— Вечером — другой коленкор, сейчас мы с Лешем посидим, погутарим. Ох и соскучился я за вами за всеми.
— А чего же писал тогда?
— Да, Лешай, ты жа знаешь, як я писать могу.
— Ну продиктовал бы кому, молодые-то были?
— Да чаго-то стеснялся просить — вроде боевой дед и такая оказия. За пацанов был спокоен, думал, при Глашке, а тут, вишь как.
— Ага и Василь до Родиного письма больше двух лет не говорил совсем, и Гриньку у Бунчука немец еле отбил.
— Да ты што? От сукин выродок! А ты чаго ж глядел?
— Я его при отце и сыне Краузе предупредил, — Леший показал свой кулак-кувалду, — а он в Радневе обожрался дурной самогонки ну и…
— И чаго ж?
— Повесили его через два дня за нападение на немецкого офицера.

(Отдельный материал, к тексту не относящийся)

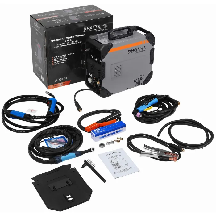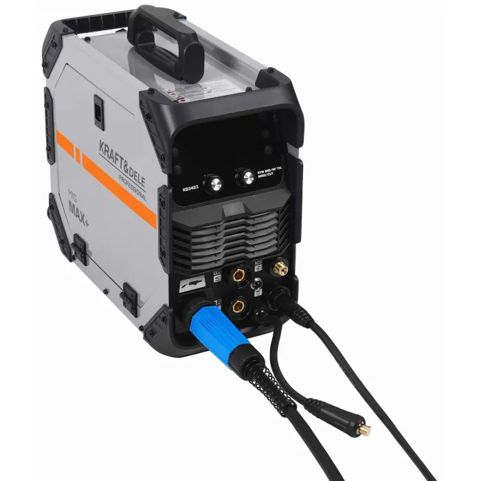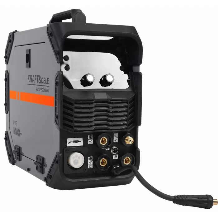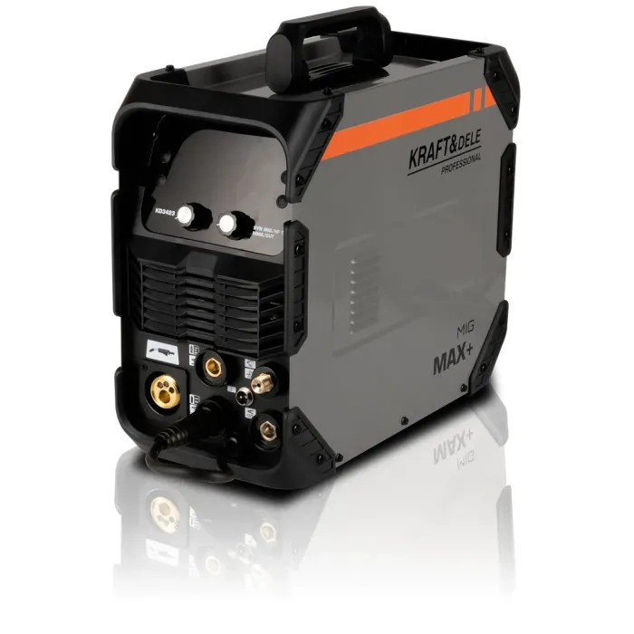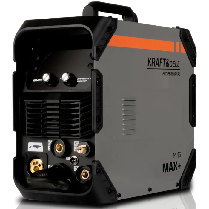 Многофункционален инверторен заваръчен апарат от KRAFT&DELE, оборудван с технологии за MIG, MMA, TIG и плазмено рязане. Проектиран за работа в мобилни работилници, ремонти на място и леки строителни проекти, устройството предлага висока ефективност, стабилна дъга и гъвкава работа, използвайки различни методи за заваряване и рязане на метал.
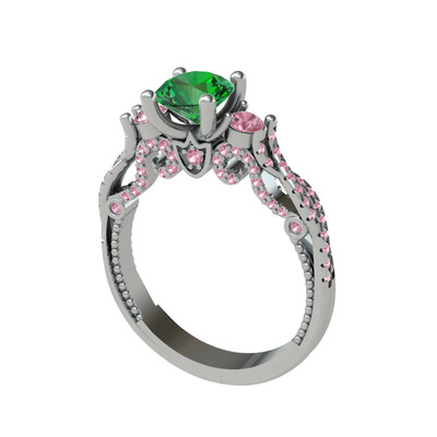 Yeşil kuvars ve pembe kuvars 18 ayar beyaz altın yüzük
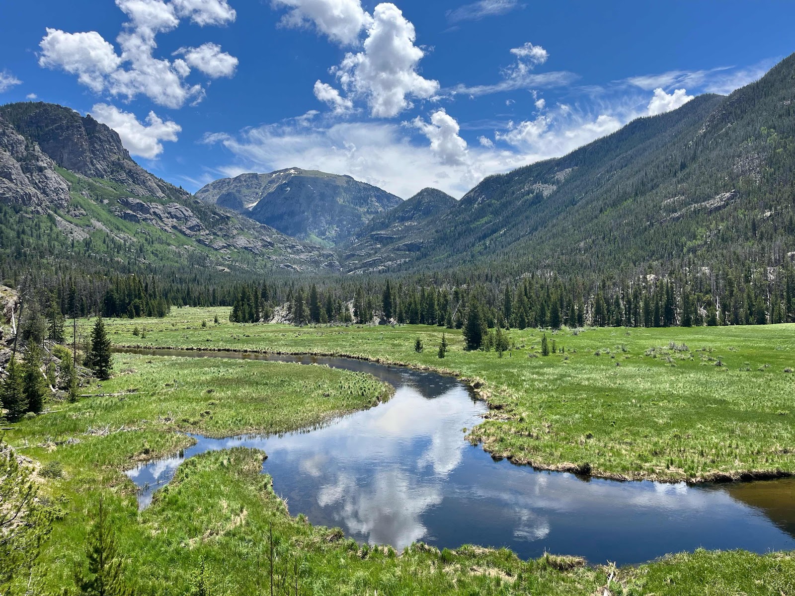 Our plan was to leave the house at 6 and get the by 9am to start hiking. Unfortunately there was a rock slide on highway 40 so we had to pick an alternate driving route. This was actually a blessing because even though it took 2 hrs longer, we were able to enter the park from the Estes Park side and drive up and over the Continental Divide to get down to our trailhead. What a beautiful detour!
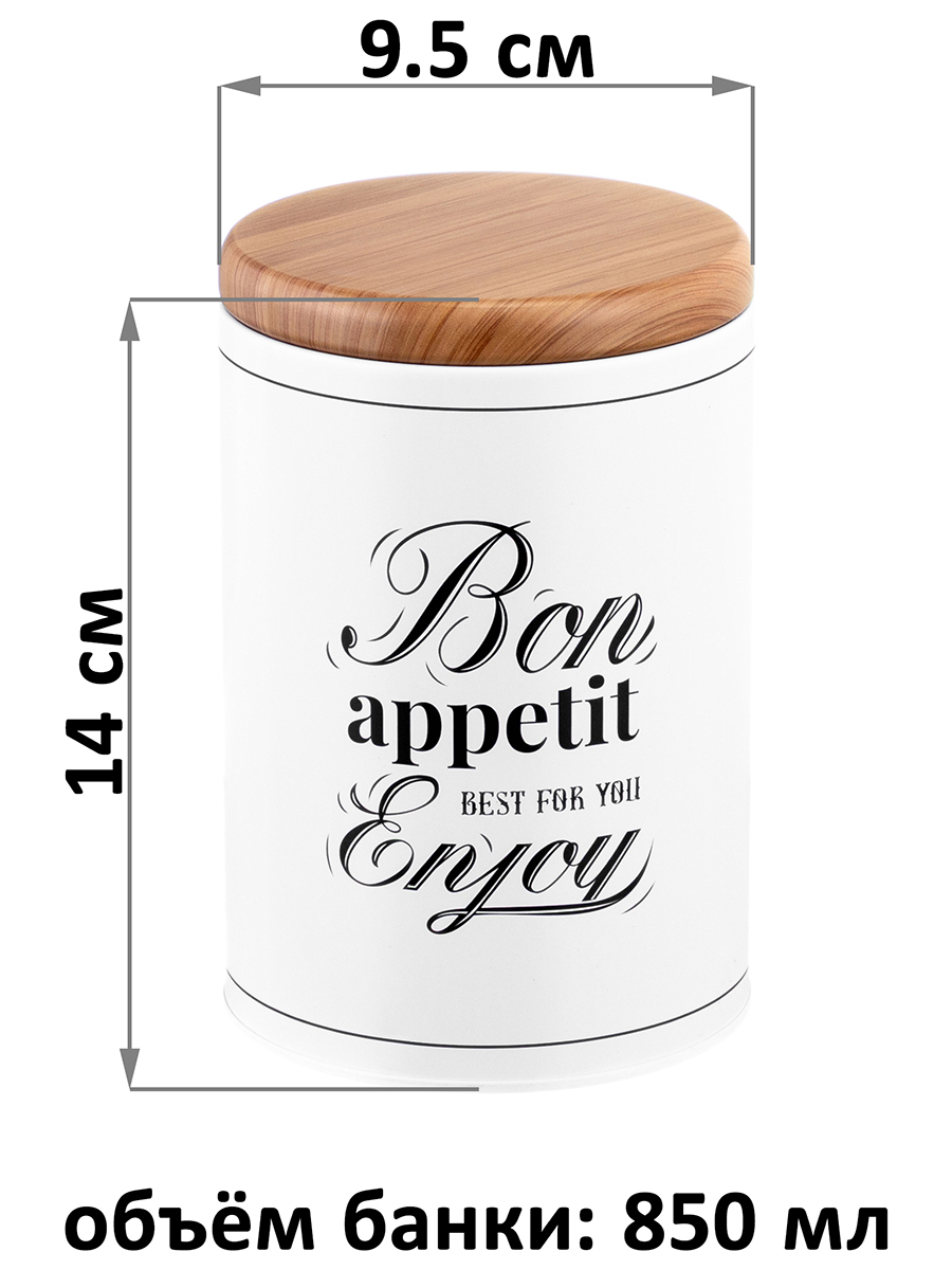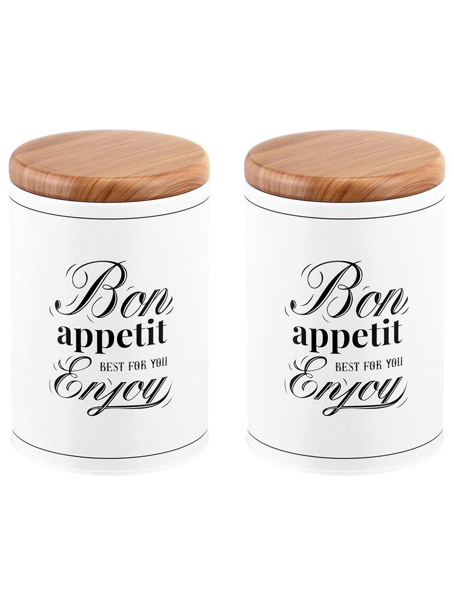 Набор 2 банок для хранения послужит органайзером на вашей кухне. Размер каждой ёмкости – 9,5х9,5х14 см, объём – 850 мл. Выполнены из жести. «Bon Appetit» – это коллекция посуды в стиле френч-винтаж, которая создаст на вашей кухне атмосферу романтики и уюта. Отличительные черты серии – это сочетание светлых оттенков и монохромной картинки, стилизованной под ретро. Лаконичная фраза «Bon Appetit. Best for you. Enjoy» («Приятного аппетита. Лучшее – для вас. Наслаждайтесь») добавит изысканности интерьеру вашей кухни. Крышки изделий визуально имитируют древесину. Каждая баночка отлично подойдёт для разнообразных сыпучих продуктов: чая, кофе, сахара и соли, приправ и специй. Храните в них крупы, ягоды, орехи и сухофрукты. Заполните контейнеры маленькими сладостями: конфетами, леденцами или драже. Подайте баночки к столу, чтобы идеально дополнить чайную сервировку! Герметичная крышка защитит ваши продукты от попадания пыли и грязи. Не рекомендуется применять абразивные моющие средства. Не подходят для использования в посудомоечной машине и микроволновой печи. Поставляются в красивой картонной коробке – благодаря ей вам не потребуется дополнительная подарочная упаковка. Это идеальный подарок для хозяйки, ценящей не только практичность, но и стиль. Коллекция посуды «Bon Appetit» впишется в любой интерьер и придаст ему шарма и элегантности!
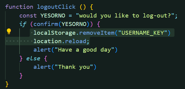 이제 확인을 눌렀을 때 스토리지도 지워지고 리로드도 됐으면 하는데 이젠 리로드가 안된다?
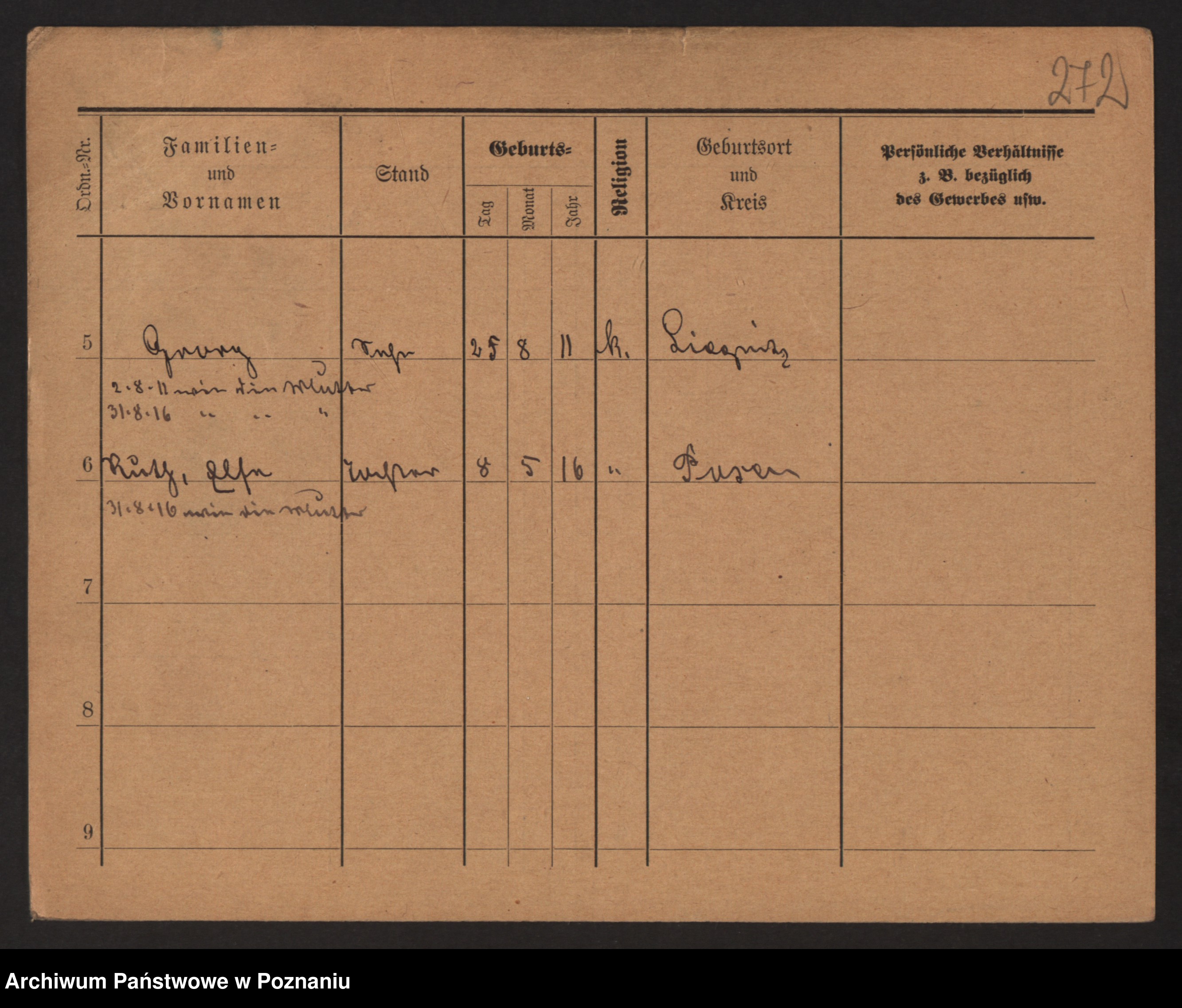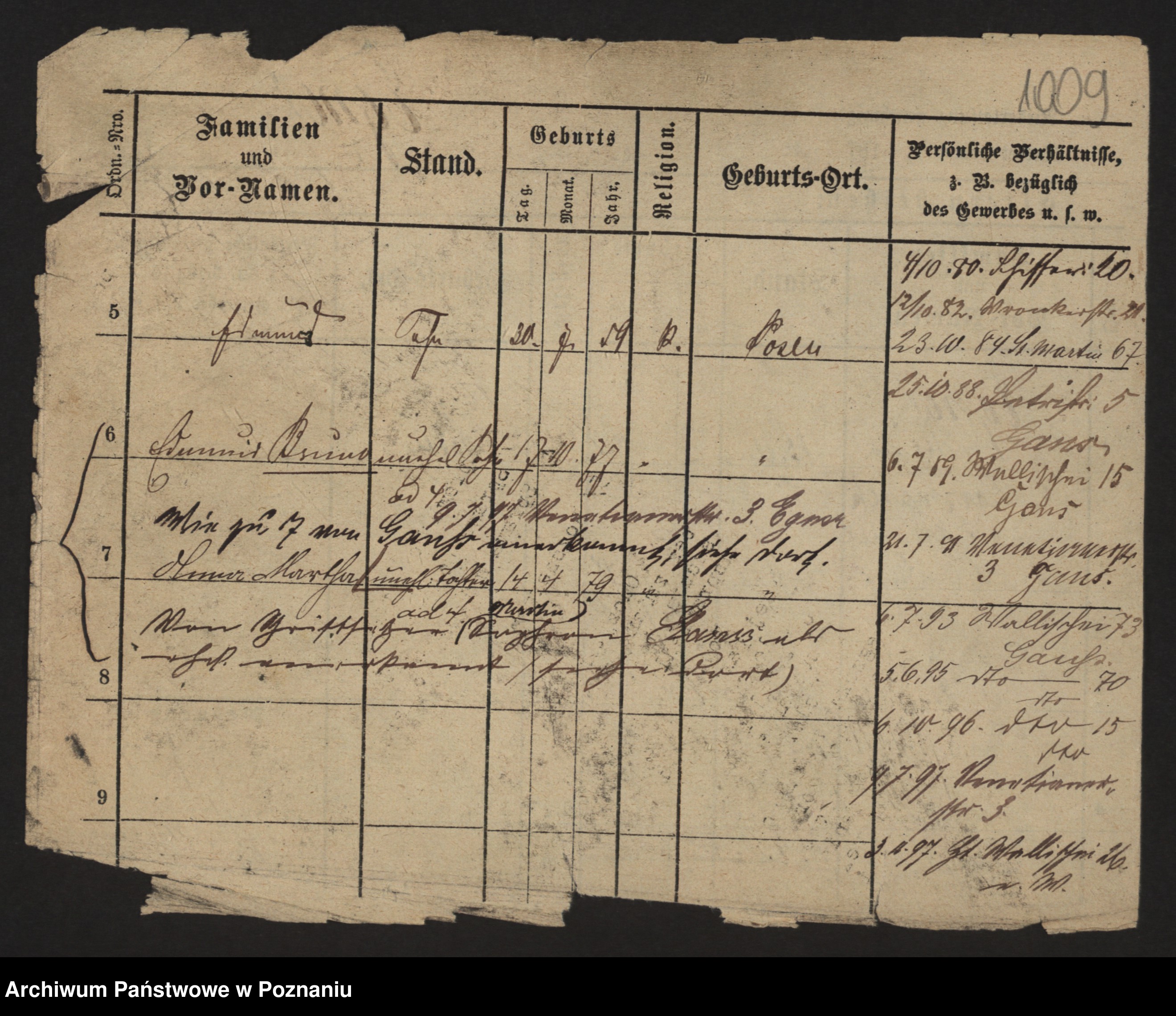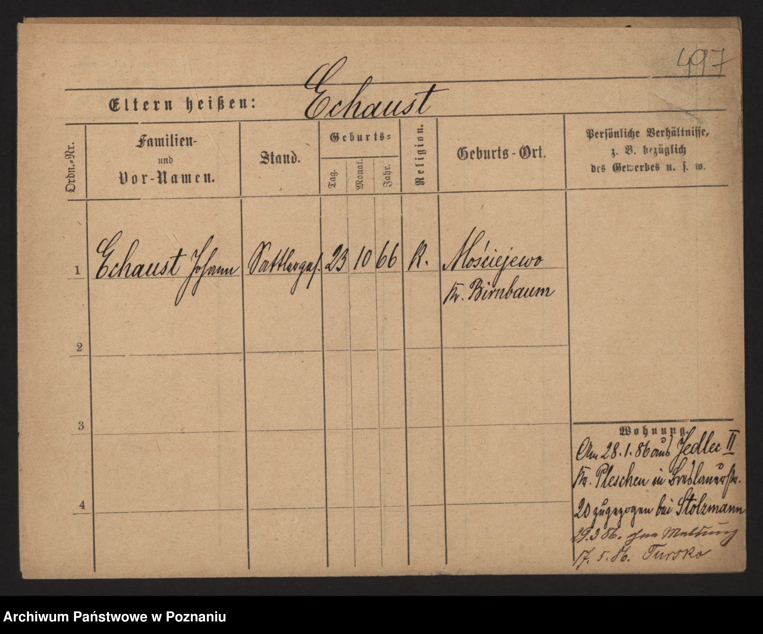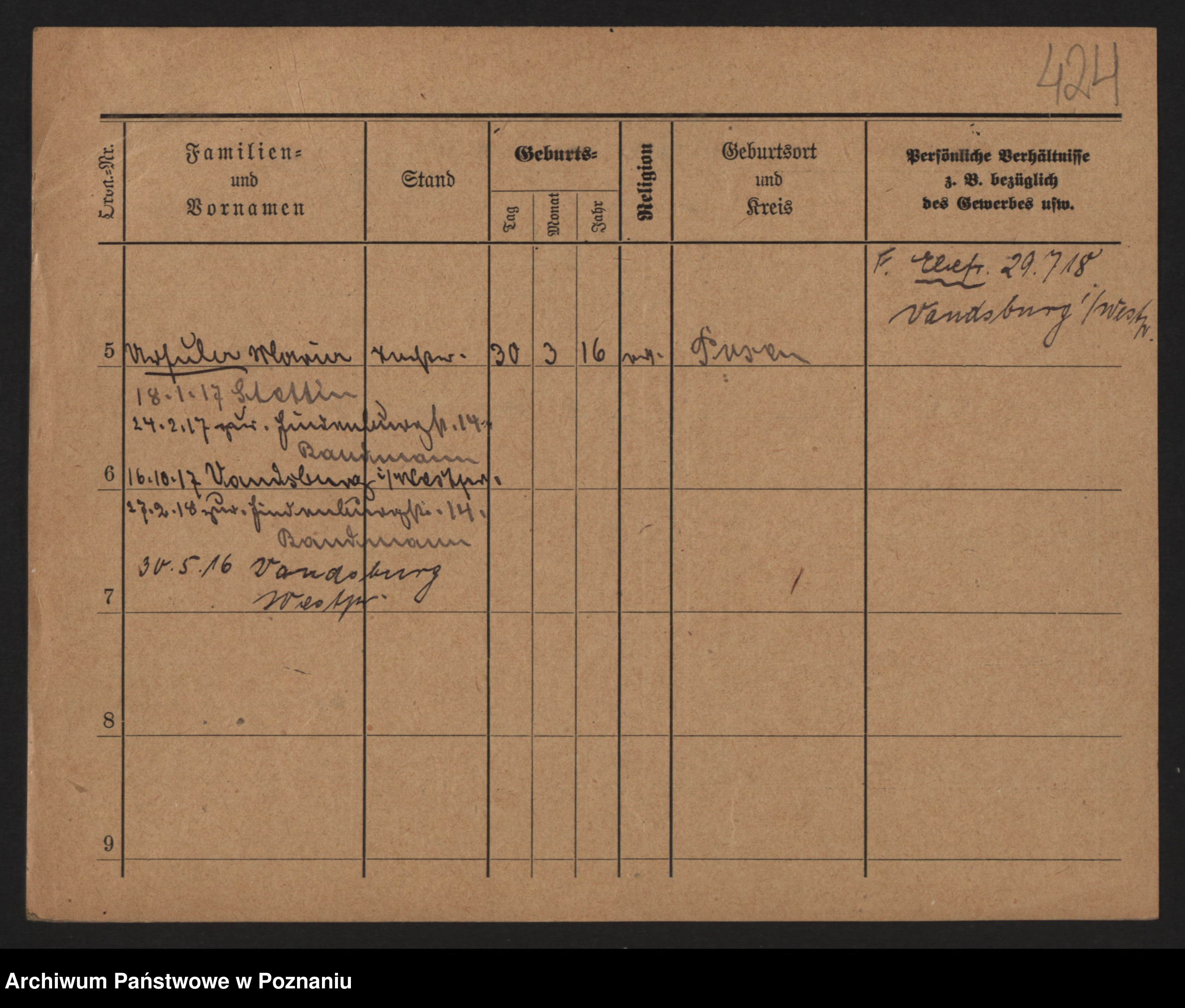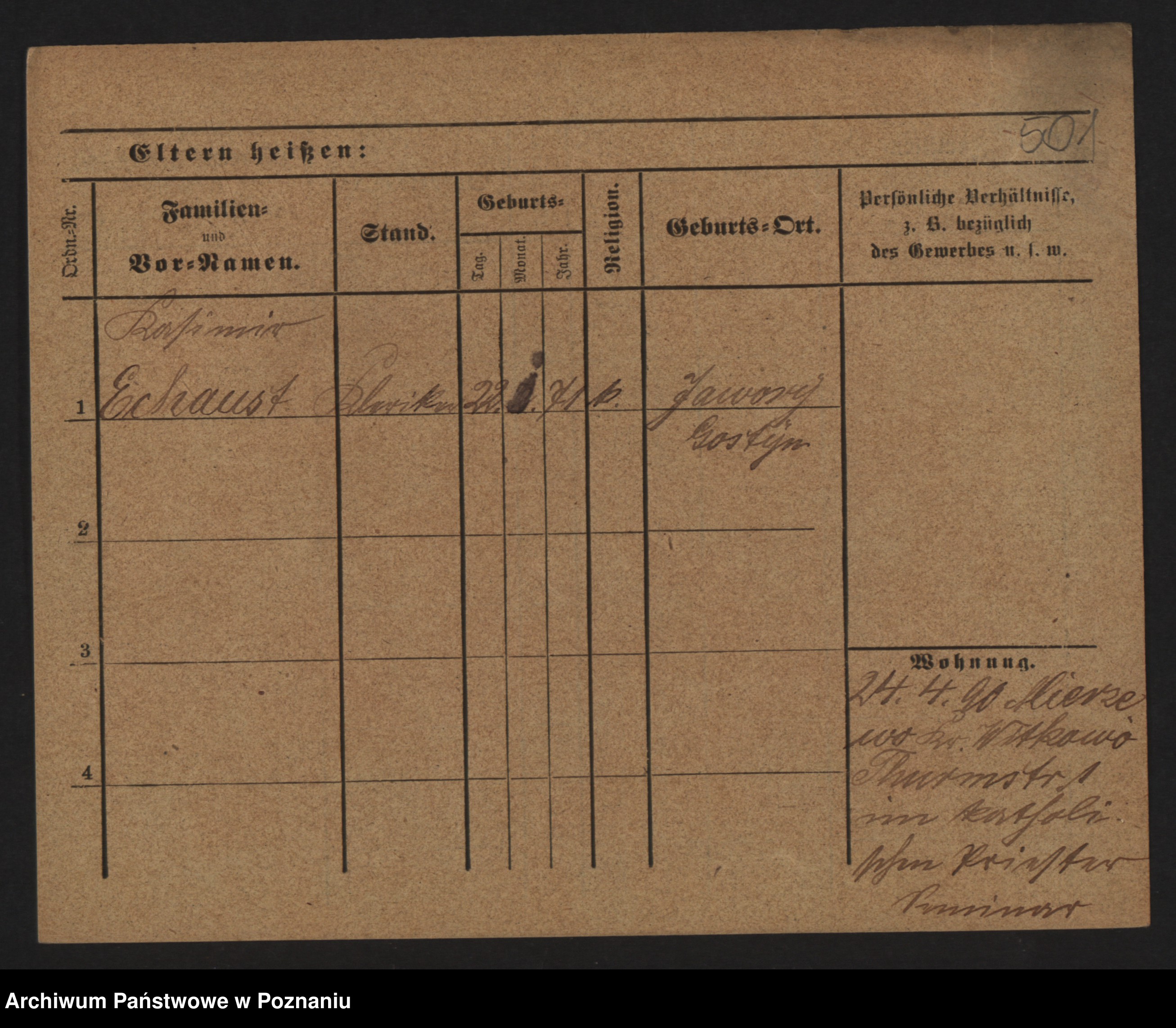 Podgląd karty osobowej dostępny jest po kliknięciu na nazwisko lub ikonkę karty. Można dokonywać powiększenia (ikony na górze) lub przechodzić między kolejnymi skanami (strzałki po bokach).
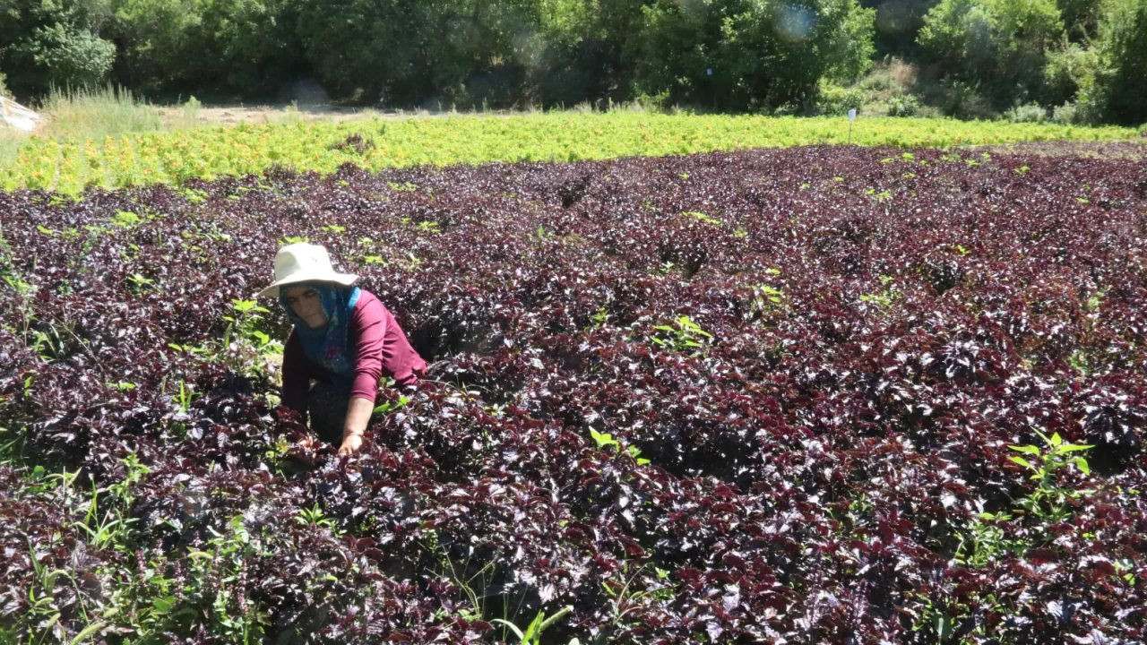 Yaklaşık 11 yıldır mor reyhan yetiştiren üretici Necla Karakaya, bu yıl üçüncü kez hasat yaptıklarını belirterek verimden oldukça memnun olduklarını söyledi.

— Чаго заслужил! А Слепень не объявлялся?
— Шлепень был в полицаях, но не лютовал, наоборот, старался никуда не лезть, а потом штыком заколол Яремчука-младшего, и исчез, когда только наши Сталинград им устроили.
— Яремчук, это которай сопливай, или постарше?
— Постарше — тот воевал, вот матка ждет домой, а младший… захотел отомстить всем, кто его малого лупил.
— Не, ну все же воявали? — удивился дед.
— А родственники-то были тут.
— От гнилое семя!
— А ещё скажу тебе Никодим, схороны твои пригодилися, мы тут партизанили, вон твои внуки по медали заслужили.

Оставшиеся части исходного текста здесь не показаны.